El pequeño cervatillo

En lo más alto de un monte, en una casita de piedras de muchos colores, vivía un pequeño cervatillo. Sus orejas eran de color «VERDE», su cuerpecito «MARRON 2». Tenía unos ojos de cristal que le hacían juego con el enorme cascabel que a su cuello llevaba colgado.
Cuando, en época de nieve, el tejado de su pequeña casa se cubría de «BLANCO», él, con su cascabel «AZUL», llamaba a los niños para que subieran a consolarle, porque se encontraba muy solito.
Los niños de «MONTE NEGRO», que así se llamaba aquel pueblecito donde ellos vivían; guardaban sus tambores, flautas y panderetas en un saco de algodón y subían a cantarle al cervatillo canciones que ellos mismos creaban. Después de haberle cantado una y otra canción, uno de los pequeños dijo a sus amigos: -¿No veis…?, este cervatillo, cuando se siente feliz y contento, sus orejas se ponen de color «ROJO», como nuestras narices.
-¡Sí!, ¡Sí!… ¡Es verdad! -respondieron todos.
El pequeñín dijo: -Estoy pensando que… si bajáramos a este cervatillo a nuestro pueblo y le hiciéramos una casita con ladrillos, agua y cemento, podríamos visitarle todos los días y no esperar a que fuese invierno.
El mayor de los niños contestó: -Me parece una buena idea, tapemos al cervatillo con este saco; hoy mismo lo llevaremos con nosotros, mañana todos juntos le construiremos su nueva casa.
Los niños bajaron del monte muy contentos.

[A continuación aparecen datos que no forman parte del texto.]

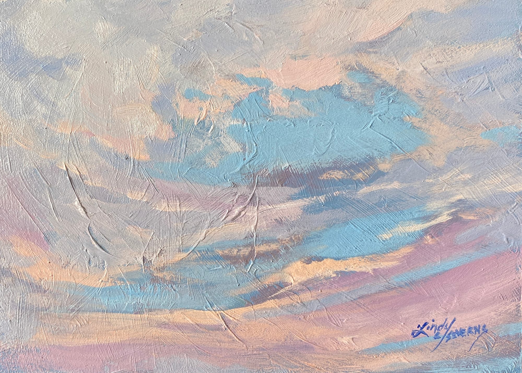 Nature often mirrors our own emotions. I laid the brushwork as I contemplated an exciting opportunity; the calm blues, soothing violets and hot pinks followed, along with that sense of tranquility that comes with having made a decision as to which path to take. So the visibly dynamic brushwork captures not only the fleeting beauty of a sky in transition, but also the anticipation of an artist on the move.

El cervatillo tenía sus orejas aún más coloradas que cuando escuchaba las canciones.
«ÉL» sabía lo que le estaba sucediendo, ya no iba a encontrarse jamás solito.
CUENTA EL CUENTO: Que no volvió a tocar más veces su cascabel, ya que lo colocó en la puerta de su nueva casa, y eran los niños quienes lo utilizaban para que el cervatillo les abriera la puerta.
¡Se me olvidaba! – ¿Sabéis…? Sus orejas se volvían de color «VERDE» cuando metido en su cama quedaba dormido.